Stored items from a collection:
== Segment start ==
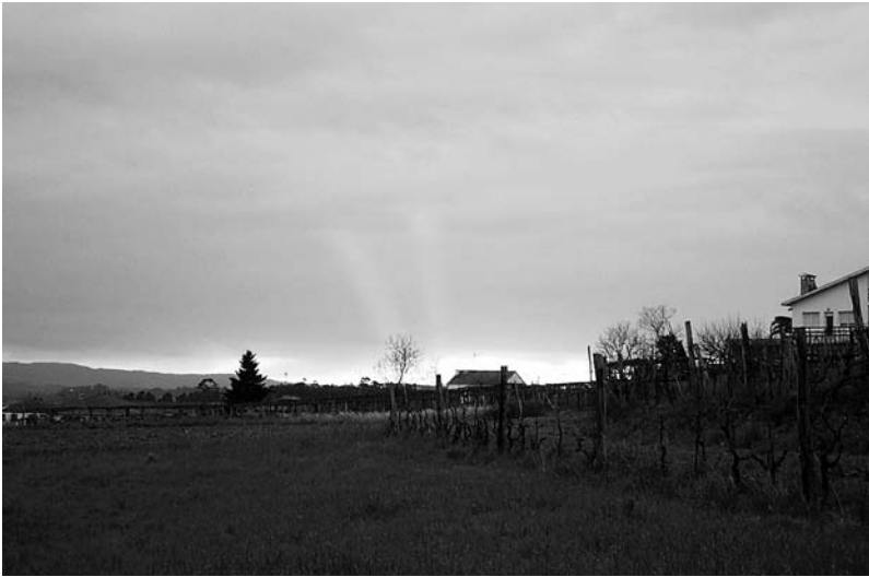
Un solpor coma este, do 24 de febreiro do 2002, no que se ven nubes de cor vermella, indica posibilidade de chuva para o día seguinte.

en zonas onde abunda máis que na Ulla a gandería ovina. A palabra rubiás sería máis propia da provincia de Ourense que do Val do Ulla.
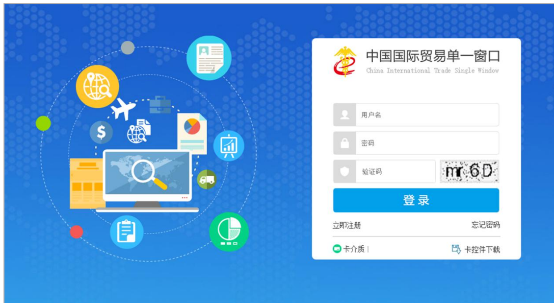
图 “单一窗口” 标准版登录

在图“单一窗口”标准版登录中输入已注册成功的用户名、密码与验证码，点击登录按钮。根据各地区提供的入口（例如下图中央标准应用），点击“服务贸易”选“暂时进出境货物”进入申请系统的界面。登录系统后，点击右上角“退出”字样，可安全退出系统。
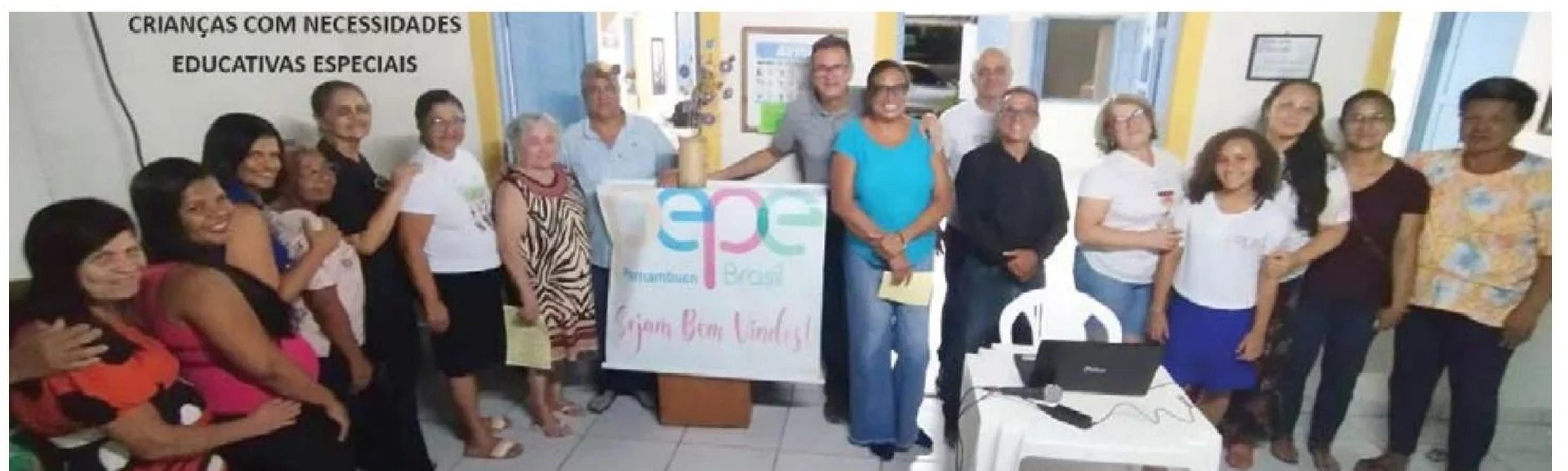
Um grupo dos participantes do simpósio pepe Brasil
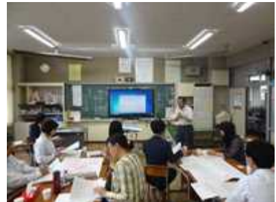
県教委学力向上専門員や市教委指導主事の訪問を要請し、御指導をいただいています。
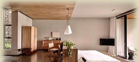
麗世套房-100 平方米 (約 1074 尺)

坐落於中國及越南的邊境，依偎於明仕河畔，如畫般的熱帶景色呈現在這個精品度假村中。現代主義建築的精髓加之與大自然的融合，半隱於喀斯特地貌的山石中，享受著河畔慢生活之邊境逸世體驗。
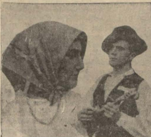
Belgratta 23-2-934 akşamı saat 21 de unumü Avrupa konserinde şarkılarını dinleyeceğimiz iki Petrovinalı Sırp köylüsü milli kıyafetlerle

Cuma akşamı (23-2-934) saat 21 de Yugoslavyada verilecek bir konser bütün Avrupa merkezleri tarafından naklen neşredilecektir. Bu konser karakteristik bir Sırp müzikisini ihtiva edecektir. Konser Sırbistanın muhtelif mahallerinden nakledilecektir. Jübiyanadan talebenin iştirakile halk şarkıları, Zagrepten de bizzat köylülerin bugün söylemekte oldukları popüler şarkıları bizzat Petrovina kasabası köylülerinin ağzından ışıteceğiz.
== Segment end ==
• _Work to complete_:
In the data above, take the line with "Um grupo dos", the line with "Belgratta 23-2-934 akşamı", and every line between, and set them down exactly without pictures.

• _Answer to the problem_:
Um grupo dos participantes do simpósio pepe Brasil
県教委学力向上専門員や市教委指導主事の訪問を要請し、御指導をいただいています。
麗世套房-100 平方米 (約 1074 尺)

坐落於中國及越南的邊境，依偎於明仕河畔，如畫般的熱帶景色呈現在這個精品度假村中。現代主義建築的精髓加之與大自然的融合，半隱於喀斯特地貌的山石中，享受著河畔慢生活之邊境逸世體驗。
Belgratta 23-2-934 akşamı saat 21 de unumü Avrupa konserinde şarkılarını dinleyeceğimiz iki Petrovinalı Sırp köylüsü milli kıyafetlerle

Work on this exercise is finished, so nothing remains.